- TASK DIRECTIONS
Copy the data below verbatim, leaving no line out.
[[ TASK INPUT, beginning ]]
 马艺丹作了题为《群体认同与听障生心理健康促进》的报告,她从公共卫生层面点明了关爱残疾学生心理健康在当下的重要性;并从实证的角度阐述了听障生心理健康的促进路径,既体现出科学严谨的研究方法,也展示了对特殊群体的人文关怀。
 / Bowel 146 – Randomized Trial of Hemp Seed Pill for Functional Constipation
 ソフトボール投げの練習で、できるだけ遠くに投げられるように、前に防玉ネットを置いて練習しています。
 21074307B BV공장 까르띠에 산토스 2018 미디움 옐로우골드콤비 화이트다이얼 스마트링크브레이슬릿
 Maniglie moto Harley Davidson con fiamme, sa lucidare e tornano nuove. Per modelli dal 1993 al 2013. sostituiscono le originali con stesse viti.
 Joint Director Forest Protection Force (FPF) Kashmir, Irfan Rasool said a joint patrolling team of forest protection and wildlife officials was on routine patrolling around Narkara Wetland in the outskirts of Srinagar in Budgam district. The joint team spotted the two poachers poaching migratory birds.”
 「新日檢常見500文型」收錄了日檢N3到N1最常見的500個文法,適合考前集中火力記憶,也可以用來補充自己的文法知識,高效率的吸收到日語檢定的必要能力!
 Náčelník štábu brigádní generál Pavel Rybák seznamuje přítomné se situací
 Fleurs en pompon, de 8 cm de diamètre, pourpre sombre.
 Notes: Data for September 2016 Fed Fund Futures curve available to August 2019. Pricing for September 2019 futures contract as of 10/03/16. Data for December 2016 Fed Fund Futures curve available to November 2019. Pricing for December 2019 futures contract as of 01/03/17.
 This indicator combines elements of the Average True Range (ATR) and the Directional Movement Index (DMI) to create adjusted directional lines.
[[ TASK INPUT, end ]]
- RESULT
 马艺丹作了题为《群体认同与听障生心理健康促进》的报告,她从公共卫生层面点明了关爱残疾学生心理健康在当下的重要性;并从实证的角度阐述了听障生心理健康的促进路径,既体现出科学严谨的研究方法,也展示了对特殊群体的人文关怀。
 / Bowel 146 – Randomized Trial of Hemp Seed Pill for Functional Constipation
 ソフトボール投げの練習で、できるだけ遠くに投げられるように、前に防玉ネットを置いて練習しています。
 21074307B BV공장 까르띠에 산토스 2018 미디움 옐로우골드콤비 화이트다이얼 스마트링크브레이슬릿
 Maniglie moto Harley Davidson con fiamme, sa lucidare e tornano nuove. Per modelli dal 1993 al 2013. sostituiscono le originali con stesse viti.
 Joint Director Forest Protection Force (FPF) Kashmir, Irfan Rasool said a joint patrolling team of forest protection and wildlife officials was on routine patrolling around Narkara Wetland in the outskirts of Srinagar in Budgam district. The joint team spotted the two poachers poaching migratory birds.”
 「新日檢常見500文型」收錄了日檢N3到N1最常見的500個文法,適合考前集中火力記憶,也可以用來補充自己的文法知識,高效率的吸收到日語檢定的必要能力!
 Náčelník štábu brigádní generál Pavel Rybák seznamuje přítomné se situací
 Fleurs en pompon, de 8 cm de diamètre, pourpre sombre.
 Notes: Data for September 2016 Fed Fund Futures curve available to August 2019. Pricing for September 2019 futures contract as of 10/03/16. Data for December 2016 Fed Fund Futures curve available to November 2019. Pricing for December 2019 futures contract as of 01/03/17.
 This indicator combines elements of the Average True Range (ATR) and the Directional Movement Index (DMI) to create adjusted directional lines.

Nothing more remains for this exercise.